Philip obtained his PhD in Economics from the Catholic University of Leuven in January 2003 with a dissertation on the political economy of development and genocide in Rwanda. He specialises in the economic causes and consequences of conflict at the micro-level. Philip has done quantitative work on the death toll of the genocide and on the demography of post-genocide Rwanda. Philip was a Fulbright-Hays Fellow at Yale University and worked for the World Bank as a Poverty Economist. He received the Jacques Rozenberg Award from the Auschwitz Foundation for his dissertation. Philip taught Development Economics at the Institute of Social Studies in The Hague and at the Universities of Antwerp, Leuven and Utrecht. Philip was a research fellow from the Fund for Scientific Research (Flanders, Belgium) and visiting fellow at ECARES (2007-2009). He currently holds the Marie and Alain Philippson Chair in Sustainable Human Development at the Solvay Brussels School of Economics and Management, Université Libre de Bruxelles.
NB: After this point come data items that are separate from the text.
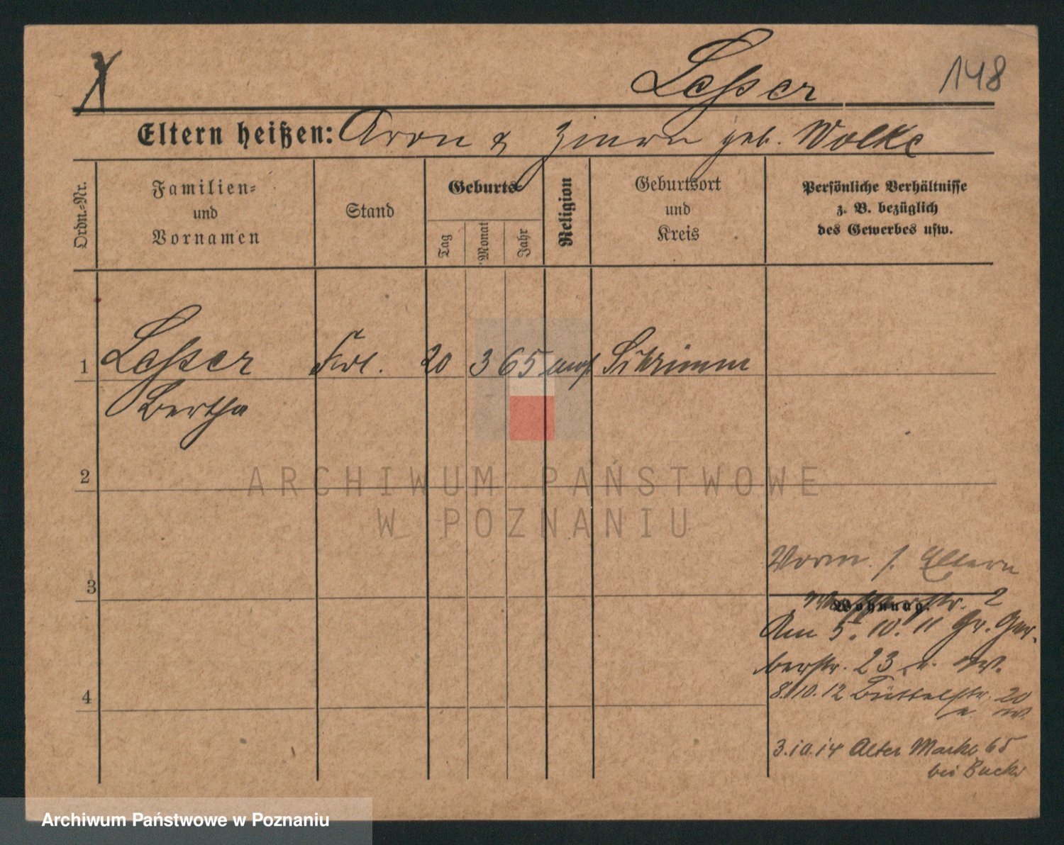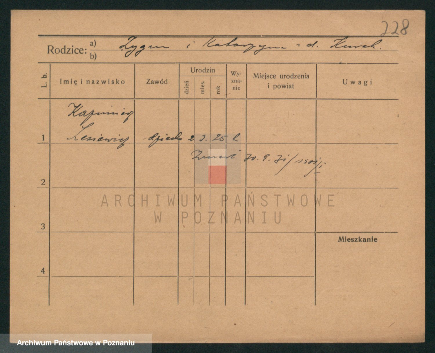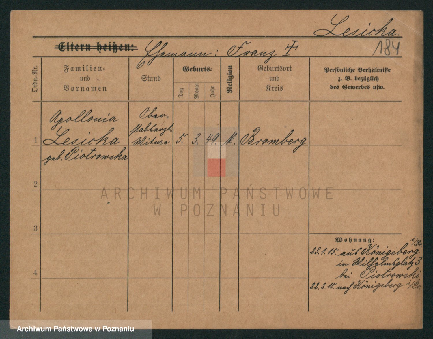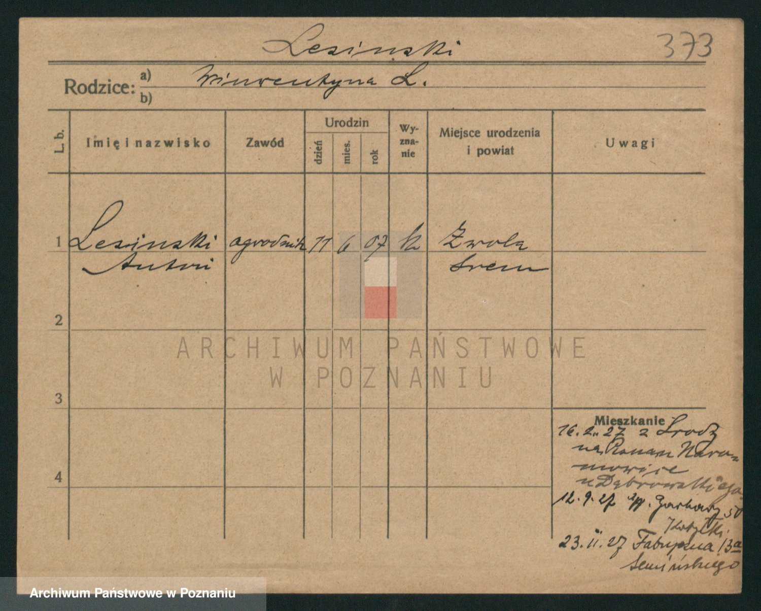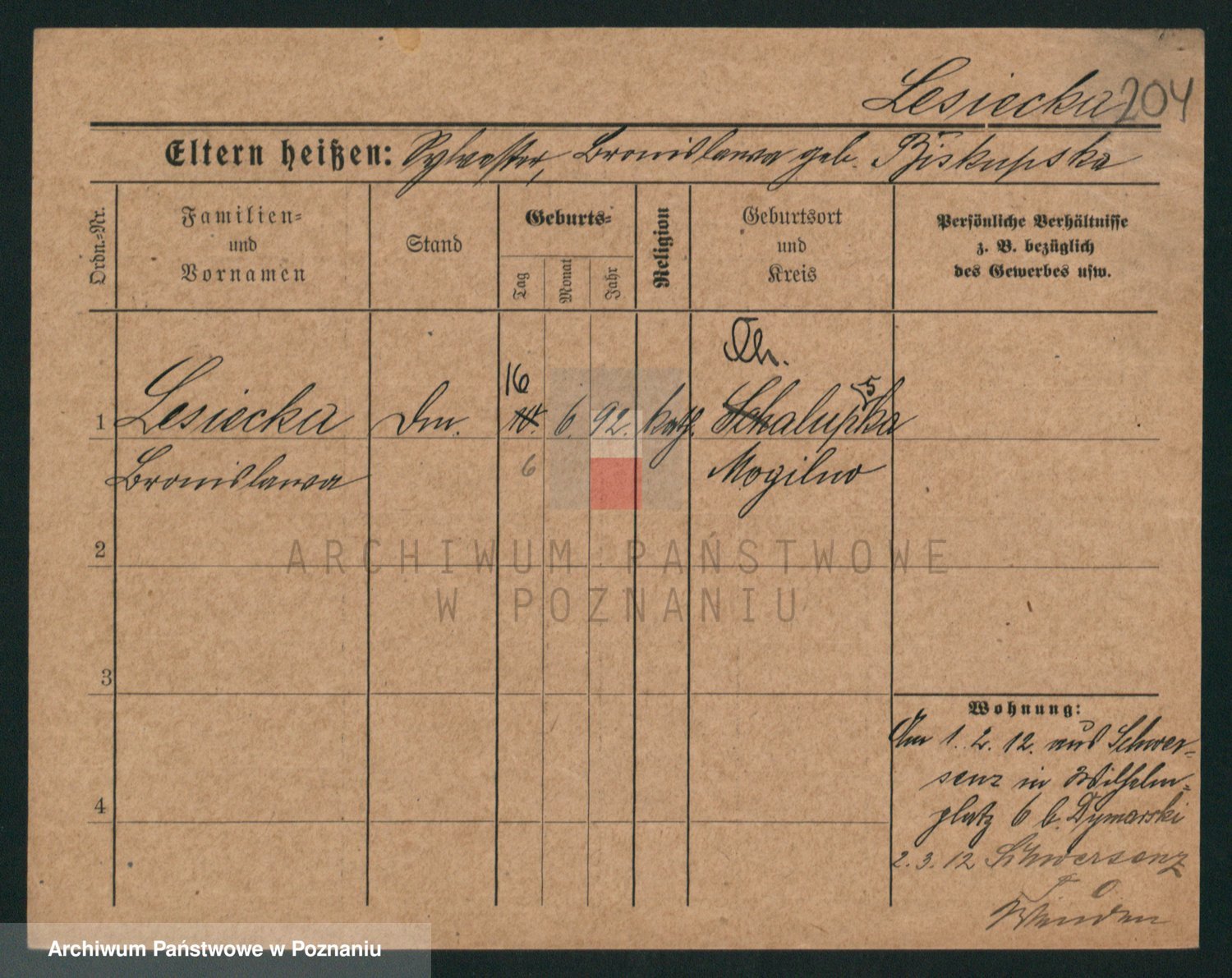 Podgląd karty osobowej dostępny jest po kliknięciu na nazwisko lub ikonkę karty. Można dokonywać powiększenia (ikony na górze) lub przechodzić między kolejnymi skanami (strzałki po bokach).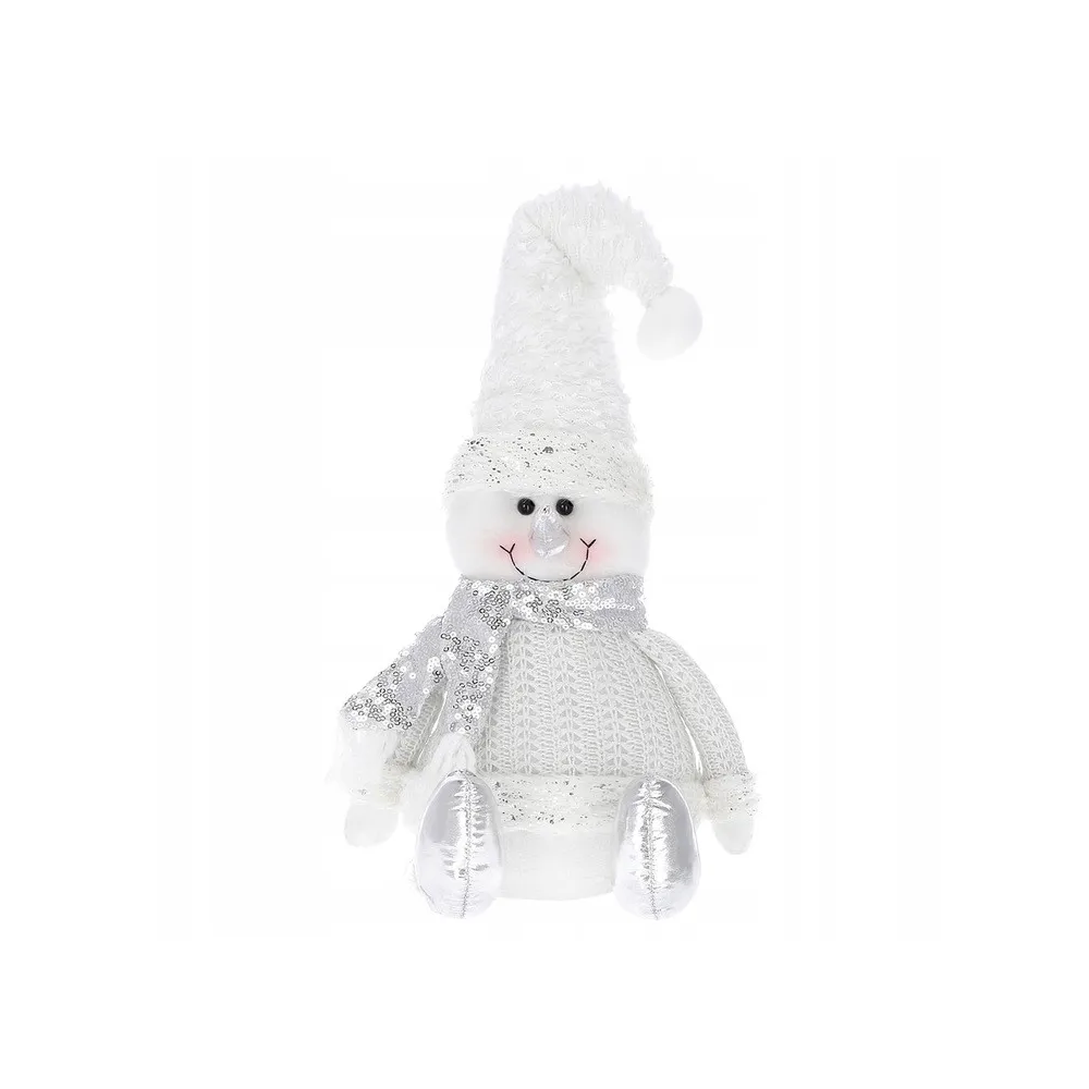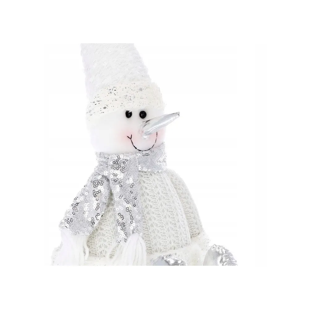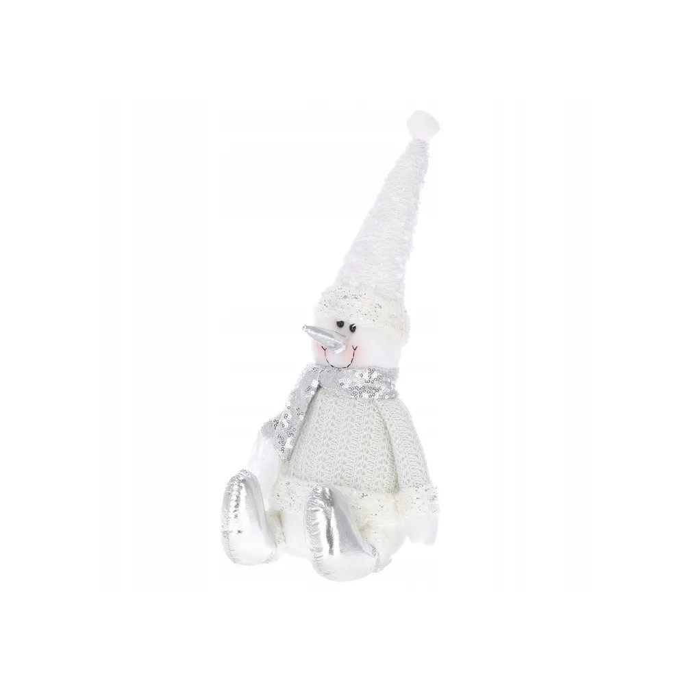 Plyšová dekorácia usmievavého snehuliaka o výške 43cm. Sediaca pozícia, pletený obleček, strieborné prvky, stabilná základňa, kvalitné na dotyk príjemný materiál. Prekrásna vianočná dekorácia, ktorá sa stane ozdobou každého interiéru.
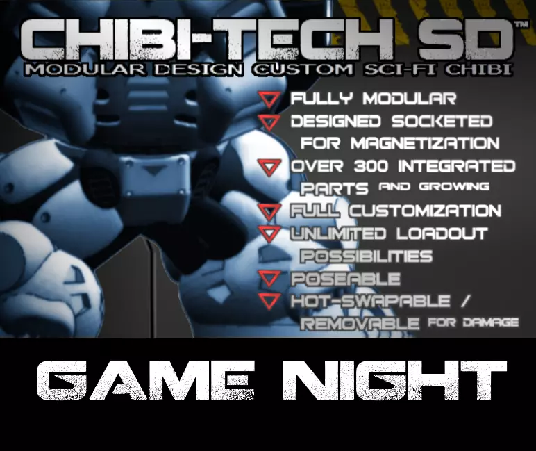 CHIBI TECH SD GAME NIGHT BUNDLECHIBI-TECH SD modular Mecha. 30mm chibi (super-deform) sci-fi tabletop miniatures series come with a single-piece .STL and FDM-optimized versions for quality supportless printing. Many include free alternate variant sculpts. Also includes ready-to-print .PNG format GAME CARD(S). Designed to be 100% modular by using 6x1.5mm neodynium magnets.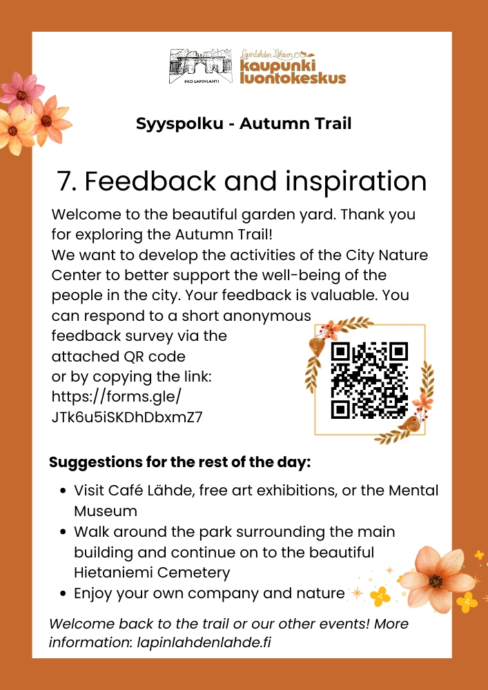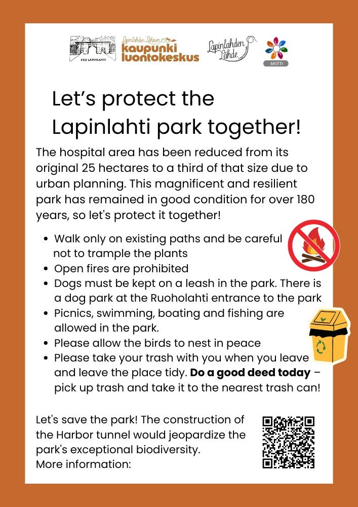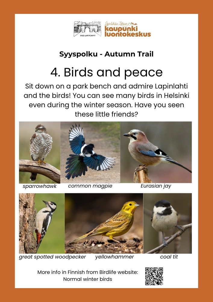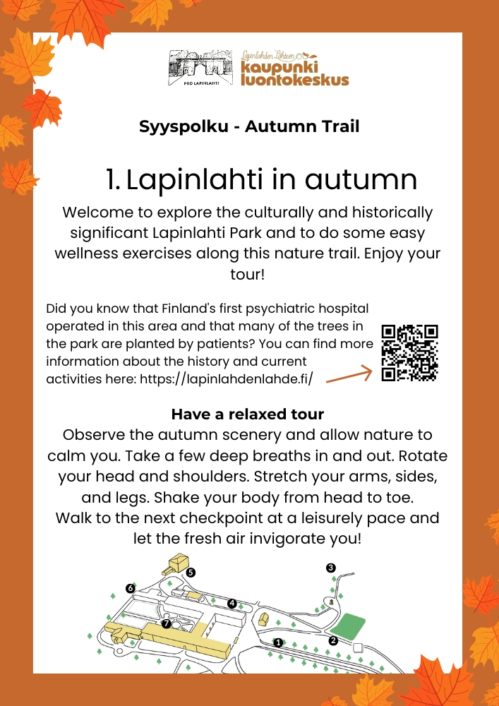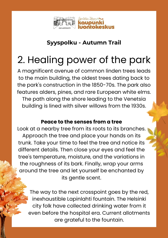Over the years, many nature trails have been designed for Lapinlahti Park. This year, the Lapinlahden Lähde City Nature Center has come up with ideas for the Spring Trail, Summer Trail, and most recently, Autumn Trail. Ilona will present the new trail in the Lapinlahti Park on Tuesday October 21st at 1pm–2.30pm. Join us and enjoy the wonderful autumn colors! Come and explore the Autumn Trail!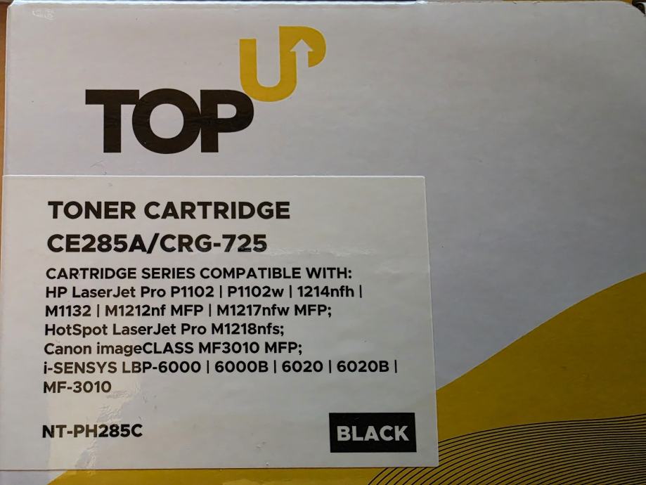 Prodajem pet potpuno novih zamjenskih tonera CE285A, TOP kvalitete, crne boje za laserske printere. Kompatibilan je s HP LaserJet Pro P1102, P1102w, M1212nf MFP i M1217nfw MFP, Canon LBP3010, Canon LBP3250, Canon i-Sensys LBP6000, Canon LBP3100, Canon i-Sensys LBP6000B, Canon LBP3108, Canon LBP3100B, Canon LBP6020, Canon LBP6020B, Canon LBP6030B i drugim modelima navedenim na pakiranju. Toneri su zapakirani u originalnoj kutiji, spremani za korištenje.

Philip is currently engaged in longitudinal studies of health, schooling and nutrition in Burundi where he is the lead researcher in a partnership between his university and UNICEF-Burundi, involving a.o. impact evaluation. Philip visited the Economics Department of UC Berkeley during the 2013 Fall semester.
Research Interests
Child health and nutrition; Impact Evaluation; Poverty; Inequality; Political Economy; Dictatorship; Civil war; Genocide; Human Rights; Household survey analysis; Central Africa.